Primary Skills Required

·  Python Expertise: Strong proficiency in Python for backend and data applications. Expert proficiency in pandas and numpy for data manipulation; matplotlib, seaborn, and plotly for visualization.

·  Data Processing: Hands-on experience with the pandas library for data manipulation, transformation, and analysis.

·  Data Engineering: Develop Python-based automation for data ingestion, transformation, deduplication, and validation.Advanced experience in Exploratory Data Analysis (EDA), with the ability to independently assess data quality and surface insights.

·  ETL/Data Pipelines: Strong knowledge and experience to develop and maintain ETL pipelines for ingestion from multiple sources.
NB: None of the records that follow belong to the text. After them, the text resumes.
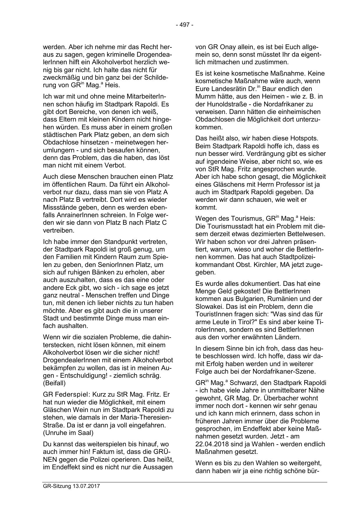 GR Federspiel: Kurz zu StR Mag. Fritz. Er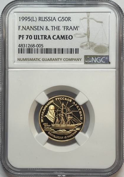 Золотая монета 50 рублей "Ф.Нансен" Исследование Русской Арктики 1995г.,7,78г., СПМД , Au 900 в слабе NGC PROOF 70 ULTRA CAMEO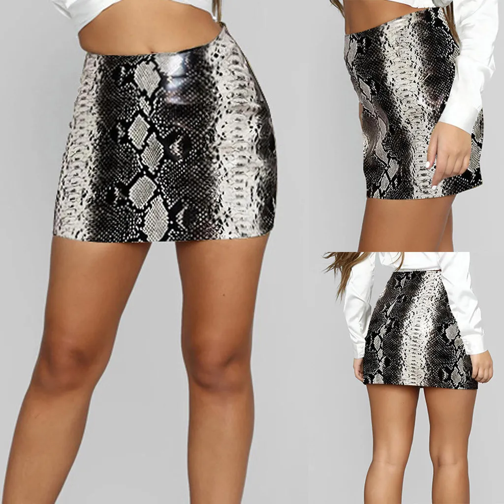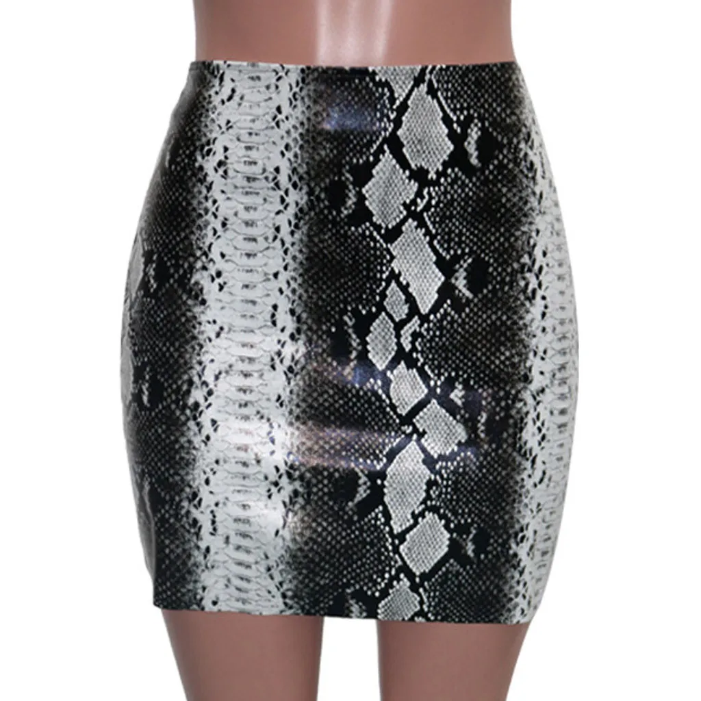 Женская юбка, модная, сексуальная, со змеиным принтом, на молнии, тонкая, короткая, кожанная, Мини юбка, 2020, летняя, трапециевидная, Falda, женская, Saia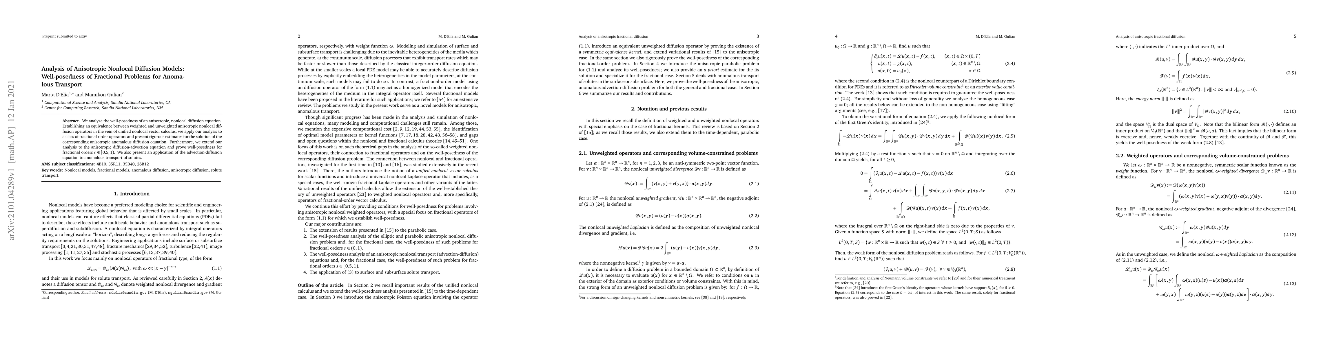 This paper investigates the well-posedness of anisotropic, nonlocal diffusion models, establishing equivalence between weighted and unweighted operators. It rigorously estimates solutions for fractional-order anomalous diffusion and extends analysis to the diffusion-advection equation, proving well-posedness for fractional orders in [0.5,1).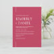 Cette invitation présente un style minimaliste moderne avec des polices de typographie en bloc propres et simples avec un arrière - plan viva magenta. La simplicité de ce design ajoute une touche d'élégance à votre mariage. Il fonctionne bien avec de nombreux thèmes mariages et certainement un grand ajout à votre mariage. Il suffit de customiser les noms et le libellé en quelques étapes simples et personnaliser la carte d'invitation avec votre photo du couple heureux et remplacer le code QR par le vôtre au dos de l'invitation pour donner à votre invitation une touche personnelle agréable. Si vous devez changer la couleur, vous pouvez customiser l'invitation à la carte. Vous pouvez customiser et personnaliser l'invitation afin de répondre à vos besoins mariages et cliquez simplement sur personnaliser de l'invitation. Vous pouvez facilement personnaliser cette invitation avec votre propre texte et la partager avec vos invités numériquement - que ce soit par le texte, par e-mail, ou par les médias sociaux. Si vous préférez, vous avez également la possibilité de poster une version imprimée à vos invités. Ou, vous pouvez faire les deux : envoyer une version numérique et le suivi avec une copie imprimée pour une touche personnelle!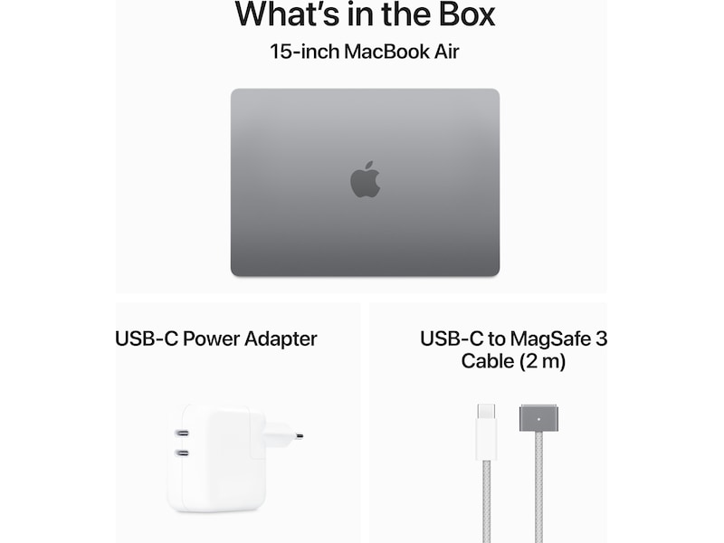 | Inkluderet tilbehør | USB-C til MagSafe 3 opladningskabel (2 m), USB-C dobbeltport kompakt strømadapter |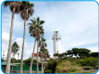 「日本の灯台50選」に選ばれた白亜の八角形をした美しい大型灯台。太平洋を見渡せる展望台も。灯台を中心とした公園は格好の約20分の散策コースです。

·  Cloud-Native SQL: Expertise in AWS or Azure PostgreSQL DB and Azure Functions.

·  AWS- Hands-on experience with S3 (storage), SageMaker (workflows), and DynamoDB (NoSQL); Glue, Lambda).

·  DevOps & CI/CD : Experience with DevOps for deploying code from Git (CI/CD implementation).

·  SQL Knowledge: Strong knowledge of SQL (DDL/DML/Data Query optimization).

·  Testing: Proven experience in writing robust unit and integration test cases.

·  Collaborative Engineering: High comfort level with GitHub (branching, PRs, code reviews) and Jupyter Notebooks.

·  Modeling: Strong foundation in statistical Modeling and machine learning using Google Meridian and scikit-learn.

 

Secondary Skills Required / Good To Have

·  Media Science: Exposure to Marketing Mix Modeling (MMM), attribution modelling, or media effectiveness measurement.

·  MLOps: Experience with MLflow for model versioning and tracking.

·  Advanced Frameworks: Experience with Bayesian MMM (e.g., Google Meridian).

·  DevOps Awareness: Knowledge of Docker and CI/CD workflows (GitHub code push/automation).